Phishing is lot about psychology. Choosing the right social engineering tactic is essential. The best tactic depends on factors such as target personality and situation. Tactics can be focused on sender (authoritative, enticing, gullibility) or on content (greedy, quid pro quo, commitment, scarcity, status quo).

  • Authoritative: Pose as authority, e.g. federal law enforcement or governmental employee.
  • Enticing: Copy mail templates from well-known parties (clone phishing), e.g.
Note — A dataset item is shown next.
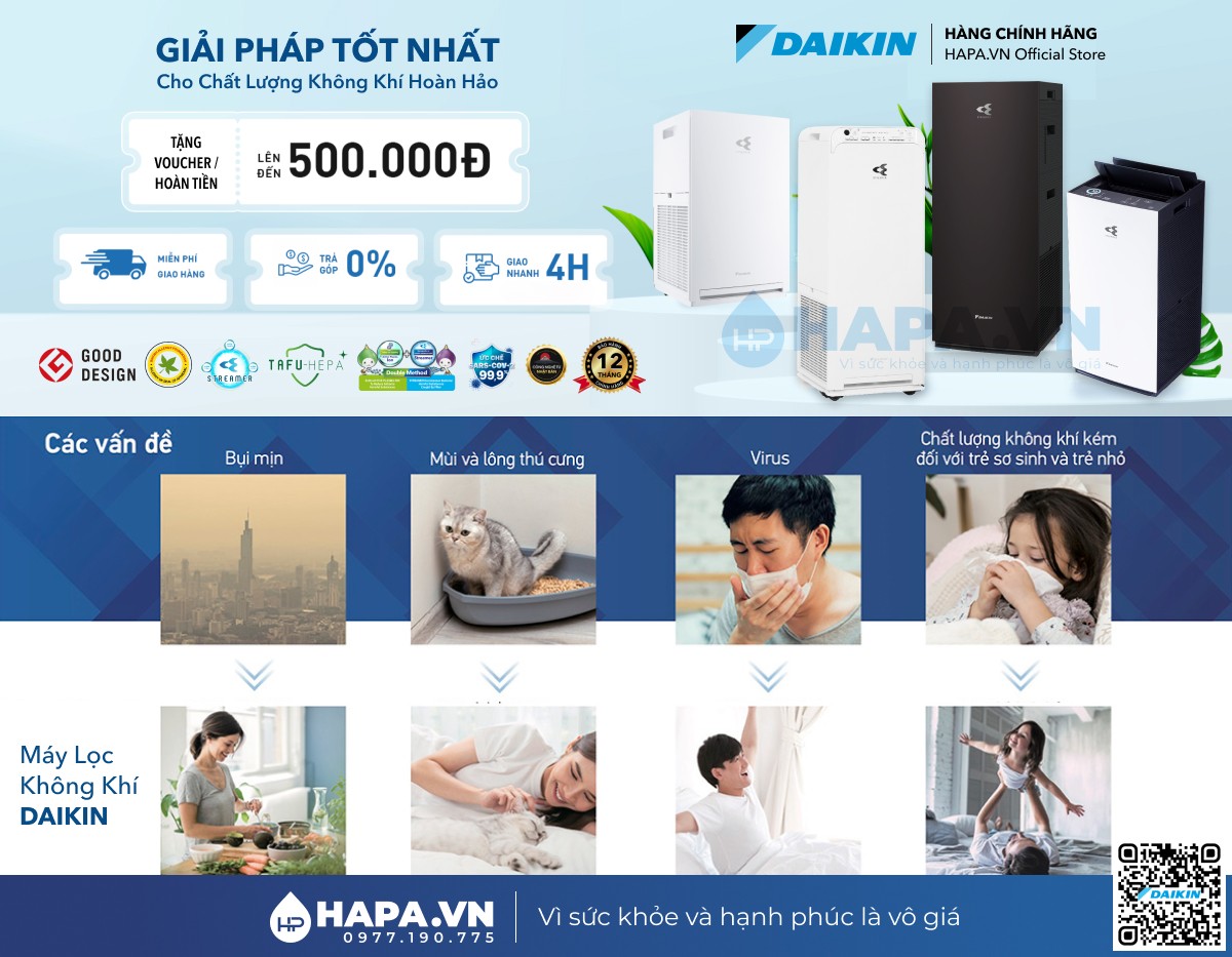 - Tất cả Máy Lọc Không Khí DAIKIN mua tại HAPA đạt tiêu chuẩn chất lượng với đầy đủ giấy tờ và chính sách bảo hành chính hãng.

Google or Paypal.
  • Gullibility: Impersonate trusted party, e.g. support staff.
  • Greedy: Pretend to be willing to spend money or promise get-rich-quick-schemes.
  • Quid pro quo (Reciprocity bias): Exploit that humans tend to pay back what they perceive as favour.
  • Commitment (Sunk-costs-fallacy): Exploit that humans tend to make decision that align with previous decisions.
  • Scarcity heuristics: Exploit that humans tend to value things more if they are easier to lose.
  • Status quo bias: Exploit that humans tend to prefer the current state over changes.

Payload Options

The payload is typically the most technical part of phishing. A characteristic of phishing is that user interaction is required. However, after the initial interaction, e.g. open a document, execution should be as automated as possible.

  • Attachment-based: Payloads that are delivered via attachment are most likely to exploit a vulnerability in document render software (e.g. Adobe Acrobat for PDF), execute macros in office documents (e.g. Microsoft Word for .doc/.docx) or be an executable software. Arbitrary code execution may be achieved. A recent post-exploitation method is to change local DNS entries to redirect targets to malicious URLs (Pharming).
  • URL-based: Target follows a URL to a malicious site. The site either mimics a legit authentication form (credential phishing), exploits a vulnerability in the targets’ browser (client-side attack) or collects information for further action (information disclosure).
  • Non-technical: Rely significantly on psychology. Must be perfectly aligned with phishing tactic. Typical scenarios are asking for money transactions (CEO fraud, Nigerian prince), collect information (bank account or SSN) or spread hoax information, e.g. to manipulate stock prices (fake news).